Our far flung festive frolics
Christmas was pretty much a day like any other in Tamano. People went to work, shops were open, cars were on the road in usual numbers, cyclists pedalled their way to wherever they were going. Our numbers were swelled though, by the arrival of Yvette (the Project Manager’s wife) and her two daughters. The first female company for four weeks!
The ladies are all well seasoned travellers, even Siobhan (10) and Chantelle (12) having travelled more in their years than I imagine I will in my three score and ten … or whatever our allotted time is these days. They’ve travelled with Richard to Korea, Romania, Singapore … and were a massive help in terms of making sense of some of the more difficult to discern items in the supermarket. The brightly coloured packets were pickled vegetables. You can buy flour if you know where to look. You almost need not make a purchase if you time your visit for when free samples are on offer. If it is something ghastly, you spit it out, discreetly.
Intake of coffee went up, tidiness of our bungalow went down – taking a holiday while on holiday is really the height of indulgence. And they do say a tidy house is the sign of an empty life, yes.
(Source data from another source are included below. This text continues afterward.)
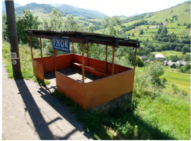
Рис. 16. Пасажирська споруда Ужок

Характерними для Закарпаття є малі пасажирські будинки на залізничних зупинках. Будинок зупинки Карпати має композиційну спорідненість з архітектурою однойменного санаторію – колишнього палацу графа Шенборна біля Сваляви передостаннього зламу століть, що належить до початкового періоду формування архітектури залізничних вокзалів. Поширеним є тип малих асиметричних будинків із арковими мотивами при напіввідкритих приміщеннях чи галереях, як це бачимо на зупинках у Ворочеві, Добросіллі (Бене, знищений близько 2012 р.), Невицькому, у Сіль, Цеглівці та ін., та які виконані за типовими проектами (рис. 15, 16). Можливо, вони композиційно орієнтувалися власне на будинок зупинки Карпати. Ці споруди виникали протягом наступних періодів розвитку і така стилістика є особливо притаманною для Закарпаття.
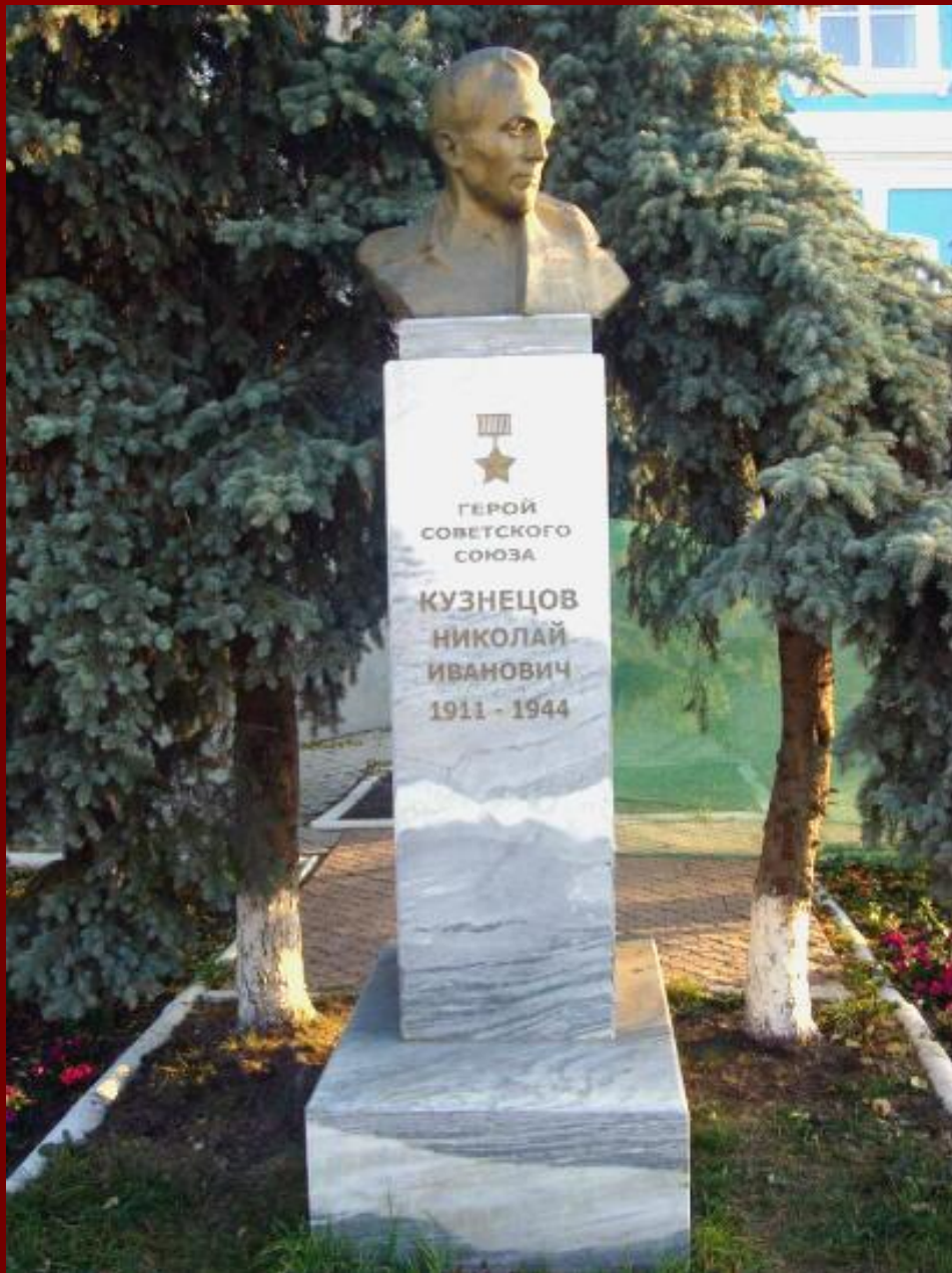
Бюст в Тюмени установлен на улице Республики, дом № 7
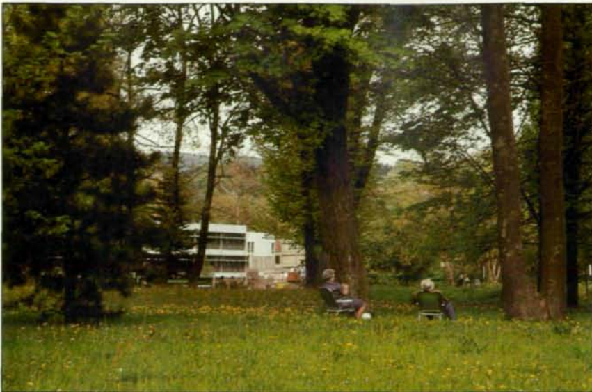
Abb. 2: Parks sind Inseln der Ruhe und Erholung für den Stadtmenschen und haben wichtige klimatische und ökologische Funktionen.
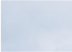
由布島への往復は水牛車でんびり
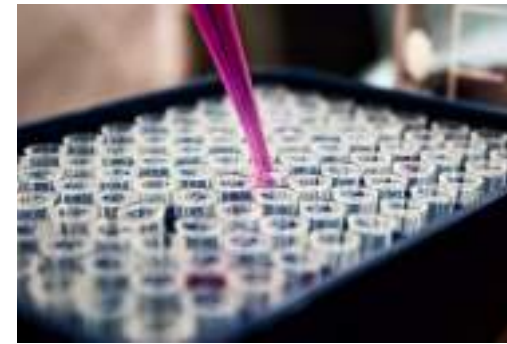
Terapia CART (Chimeric Antigen Receptor T) y apoyando al Hospital Clínic de Barcelona en su Proyecto ARI
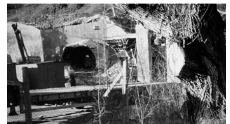
Z téhle hory rytíři zřejmě nevyjdou
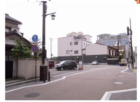
まち並みを壊している青空駐車場
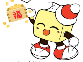
毛呂山町立図書館キャラクター ブックサンタ
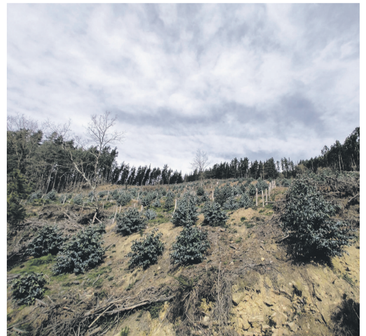
Okupatzen duen azalera hamairu aldiz biderkatu du eukaliptoak.
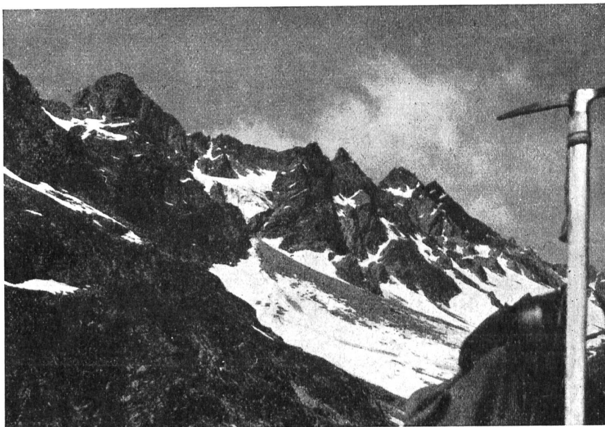
Il fascino della montagna attira i ticinesi ai corsi di alpinismo
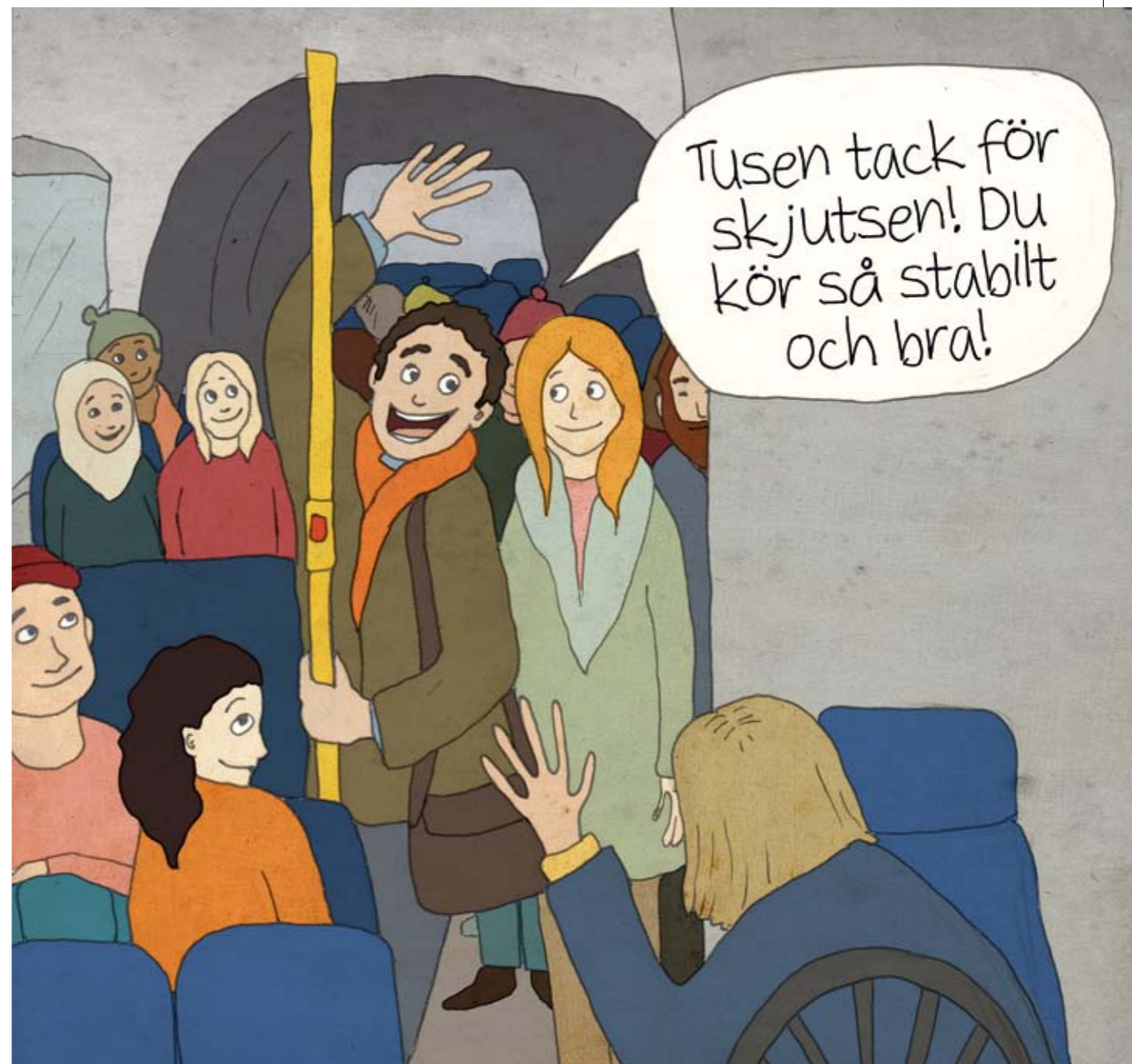
Utöver att det gör andra gott när vi är hjälpsamma och vänliga, och att det ger en känsla av välmående, så bidrar det även till stora hälsoeffekter. Så satsa mer på vänlighet.

– Ja, det kan vara ett litet steg bland många som utan tvekan kan göra stor skillnad. ■

A slightly messy one is a sign that there are girls to chat to and jaunts to go on.
We did have a lovely little Christmas tree, thanks to colleague Owen, which was beautifully dwarfed by the few presents we had. Scarf, pencil case, jumper, diary and gloves exchanged we decided that definitely the best present by far was the bag of oats Yvette had brought out for us from the UK. Strange, for neither of us had put “porridge” on the list of things we might miss.
We also received a lovely cake and bottle of champagne from the shipyard. The cake, decorated with a marzipan santa, candles and holly was a cream affair and, in preparation for dining en masse that night next door, we rested the table in the garden and demolished the cake. Passersby nearly drove into the fence, but at 15oC it genuinely was warm enough. We weren’t actually trying to maintain the eccentric Brits abroad stereotype. That was just a by-product of our al fresco afternoon tea.
The table eventually made its way around to Richard and Yvette’s, as did we a couple of hours later. It was fitting for how far flung and foreign we felt, that we didn’t dine on the traditional fare. We had the most delicious curry I have had in an awfully long time. Bahumbug’s adage that the turkey and trimmings meal is the one part of the Christmas that makes it bearable (though the presents don’t tend to be rejected … ) was swept aside. Our hosts’ modesty that it was just a curry really didn’t wash. It was a feast – of onion bhajis, potato curry, pork curry, aubergine curry, cucumber salad, rice, nan bread … and some mango chutney which they had somehow managed to source, rightly rationed owing to the premium paid for this additional delicacy.
Over the next few days, I tended to time my visits for when Yvette was in the kitchen, hoping to learn a few of her recipes. I’d watch as she chucked ingredients in a pan, no measuring, no scales, no recipe book, just cook. This has become a theme with those whose culinary skills I admire – they can’t tell you really how much of this or how much of that or for how long– they just know. It’s an instinct, born either of a culinary super gene, a seventh sense of what works or practise.
Much as I found with Effie, my Hebridean mother-in-law, there is no secret ingredient, in fact it is the opposite – simple good ingredients combined skilfully and cooked really well. I suppose it’s “the knowledge”, gained either at another’s side or through trial and error, bitter experience (along with sweet, salt and that odd savoury one – umami which sounds and is a Japanese word, the fifth taste having been identified in 1908 by Kikunae Ikeda of Tokyo Imperial University while researching the strong flavour in seaweed broth). Still my scones don’t turn out as perfectly as Effie’s (unless she is standing beside me while I do them) and I don’t suppose my curry will be anywhere near as delicious as Yvette’s.
So when did we start to learn things from a soulless set of instructions rather than from family, a friend or trusting ourselves? Measuring things carefully, panicking over consistency and method? No wonder the chatty, friendly style of Nigella and Jamie’s books and TV shows have been so successful. Cooking is something we have to do, need to do, but I think the best ingredient might be company and the most important skill is confidence. Yet somehow, we have gone from cooking and eating as a family to rush meals through the week then making a big elaborate effort to dine with friends.
Cooking and eating are social activities, they are about fuel for living, our health and well being, not a performance. Little wonder plonking something in the microwave and gobbling it down before the tv is so unsatisfactory, but in the hectic 21st century it’s regrettably a necessary evil. Those of us on an extended holiday though, are now planning to try and gain that confidence trick … and while I’m only vaguely certain about what pre-packs might contain, it’s the safer option. So I’m grateful for the gift of time to experiment in the kitchen and for the willing guinea pig who is happy enough to stomach the good and the bad.